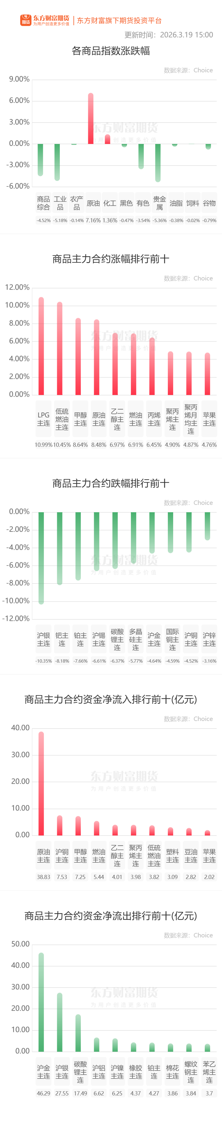 多晶硅:据数据显示,截至3月19日午间收盘,广期所多晶硅主力合约报收盘价38950元/吨,多晶硅合约价格跌破4万/吨大关。据SMM了解,此轮引发多晶硅价格下跌最开始原因其实主要源于下游。自春节后,硅片市场受后续市场预期以及企业间竞争影响,部分企业执行低价销售策略,价格迅速下跌,部分型号下跌幅度甚至来到20%-30%。(财联社)
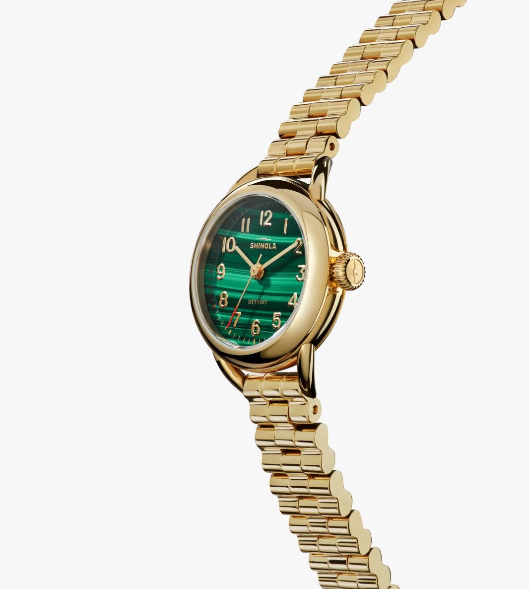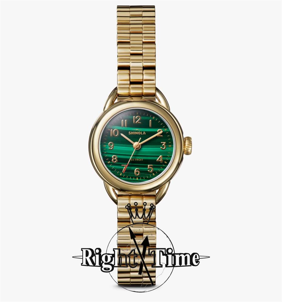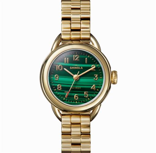 Shinola Detroit Runabout Collection Model S0120307510 powered by quarts movement. Green Malachite dial with golden Arabic numerals. Comes in stainless steel case on bracelet
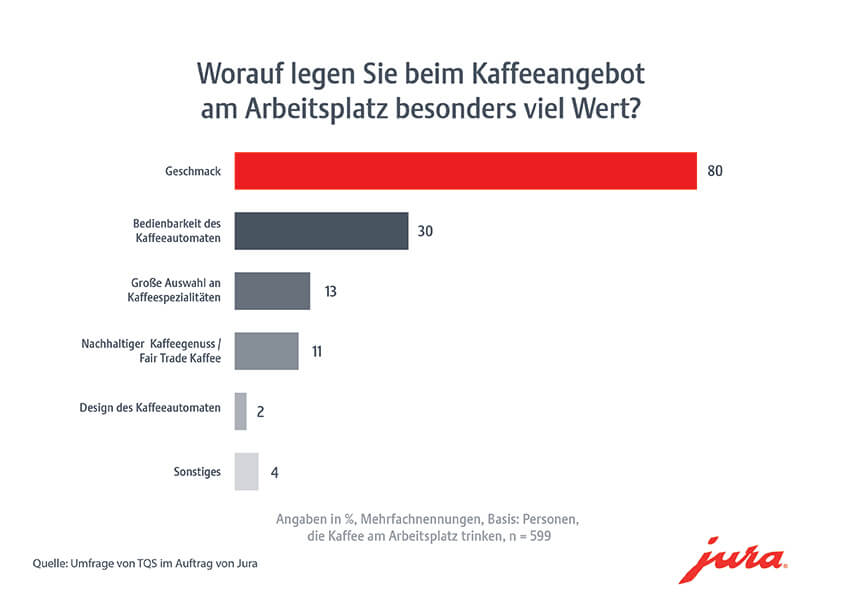 Die beliebteste Form der Kaffeezubereitung am Arbeitsplatz ist der Kaffeevollautomat: 48 % der Befragten geben an, einen im Einsatz zu haben. Auf dem zweiten Platz landen mit 20 % Kapselsysteme, dicht gefolgt von Kaffeeautomaten mit Bezahlfunktion (19 %), Filterkaffee und Mokkakannen dahingegen sind weit abgeschlagen. Die heimischen Arbeitnehmenden stellen an ihren Kaffee hohe Ansprüche: 80 % sagen, dass der Geschmack entscheidend ist, für 30 % ist die Bedienbarkeit des Kaffeevollautomaten am wichtigsten und 13 % legen besonders viel Wert auf eine große Auswahl an Kaffeespezialitäten. Anforderungen, denen die Kaffeevollautomaten der Schweizer Traditionsmarke Jura mehr als gerecht werden.
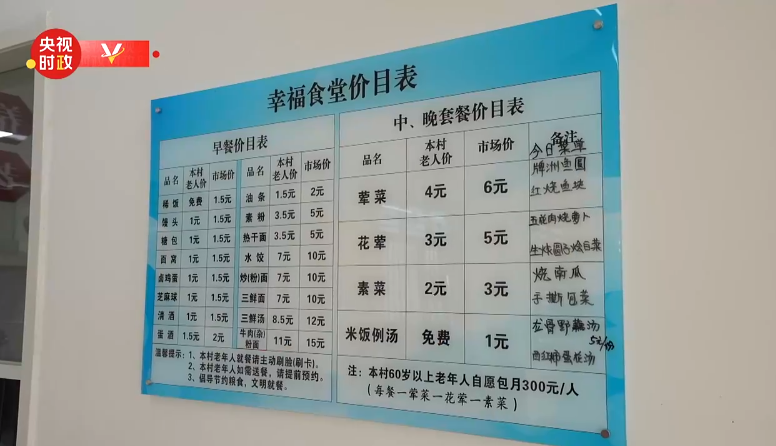 隨行記者用鏡頭記錄了這樣一幕:站在養(yǎng)老服務(wù)驛站幸福食堂價目表前,總書記仔細(xì)察看當(dāng)天菜單。菜單中既有種類豐富的早餐,也有六菜兩湯的中、晚套餐,葷素搭配、營養(yǎng)均衡;村中老人用餐還有特別優(yōu)惠,另外還有免費的稀飯和米飯例湯……
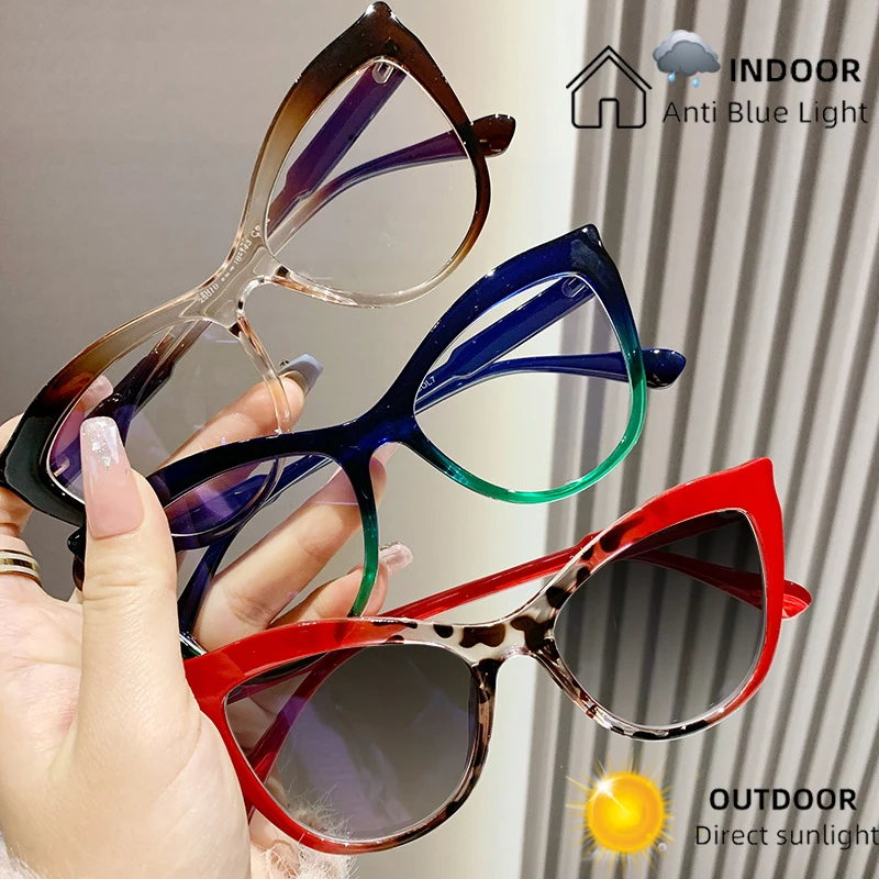 Brand design cat eye reading glasses for women, red leopard large frame computer anti-blue light presbyopia glasses.
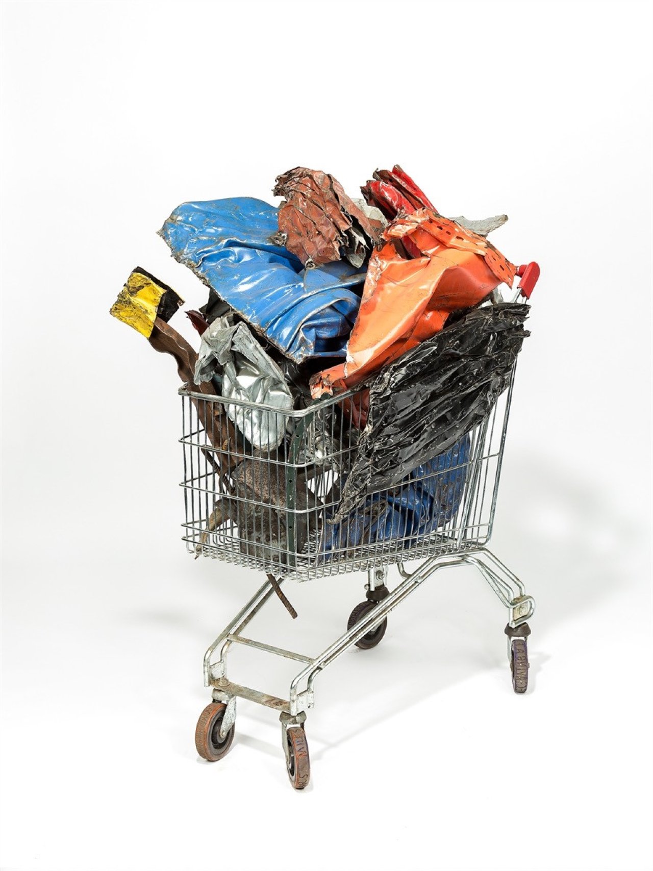 Ohne Titel, aus der Serie „Wagon (Car-lots briumful)“. 2013. Einkaufswagen mit gefundenen Metallobjekten, teilweise verschweißt und farbig gefasst. EUR 4.000–6.000. Verkauft für 8.255 EUR (inkl. Aufgeld)
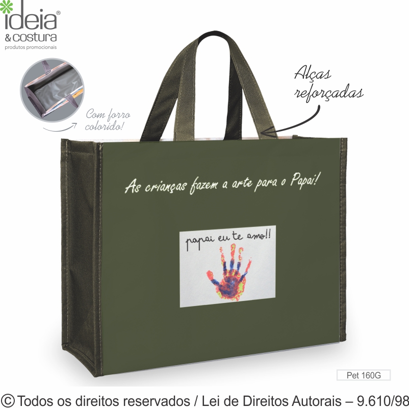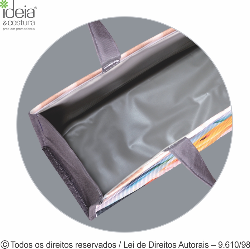 Sacola de tecido PET com laterais em nylon 600g medidas: 40cm de largura x 32cm de altura x 10cm de lateral e profundidade - Diferenciais: acabamento com viés nas laterais, alças reforçadas de nylon 600g, as laterais e o fundo são de nylon 600g proporcionando mais resistência e a possibilidade de ser colorido. A frente e o verso da sacola são de PET viabilizando a impressão em silk screen ou imagem com sublimação. O cliente escolhe a cor da alça e das laterais da sacola. Pedido mínimo 100 unidades.
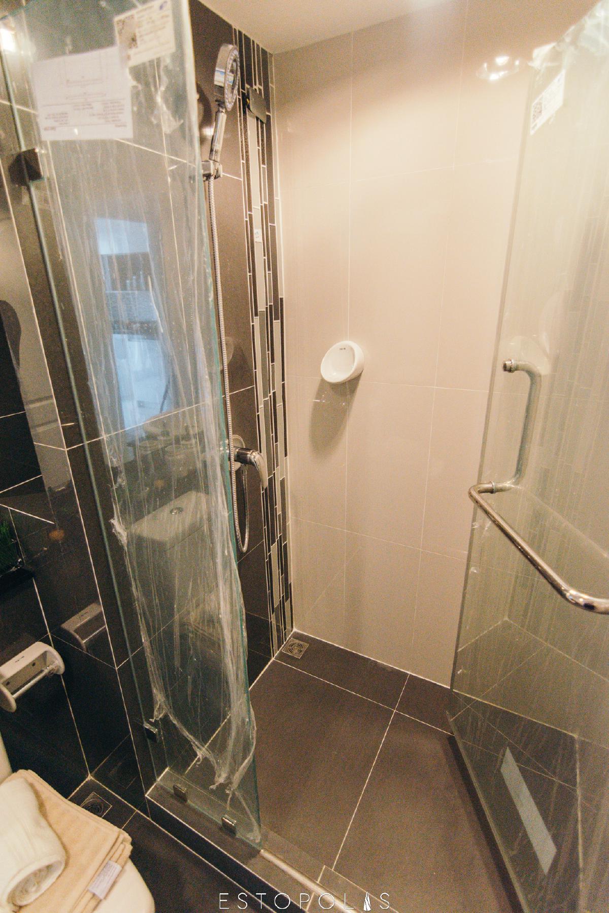 โถชักโครกอยู่ติดไปทางห้องอาบน้ำ ระยะการติดตั้งไม่อึดอัดแบบที่คนตัวใหญ่สามารถนั่งทำธุระได้สบาย หัวสายฉีดชำระเป็นพลาสติดต้องระวังการกระแทก เพราะชำรุดแตกหักง่ายกว่าหัวประเภทอื่น

* _Problem statement_:
Reproduce exactly, with nothing added, the lines from the line with "Brand design cat" through the end of the entries above; pictures are to be left out.

* _Expected answer_:
 Brand design cat eye reading glasses for women, red leopard large frame computer anti-blue light presbyopia glasses.
 Ohne Titel, aus der Serie „Wagon (Car-lots briumful)“. 2013. Einkaufswagen mit gefundenen Metallobjekten, teilweise verschweißt und farbig gefasst. EUR 4.000–6.000. Verkauft für 8.255 EUR (inkl. Aufgeld)
 Sacola de tecido PET com laterais em nylon 600g medidas: 40cm de largura x 32cm de altura x 10cm de lateral e profundidade - Diferenciais: acabamento com viés nas laterais, alças reforçadas de nylon 600g, as laterais e o fundo são de nylon 600g proporcionando mais resistência e a possibilidade de ser colorido. A frente e o verso da sacola são de PET viabilizando a impressão em silk screen ou imagem com sublimação. O cliente escolhe a cor da alça e das laterais da sacola. Pedido mínimo 100 unidades.
 โถชักโครกอยู่ติดไปทางห้องอาบน้ำ ระยะการติดตั้งไม่อึดอัดแบบที่คนตัวใหญ่สามารถนั่งทำธุระได้สบาย หัวสายฉีดชำระเป็นพลาสติดต้องระวังการกระแทก เพราะชำรุดแตกหักง่ายกว่าหัวประเภทอื่น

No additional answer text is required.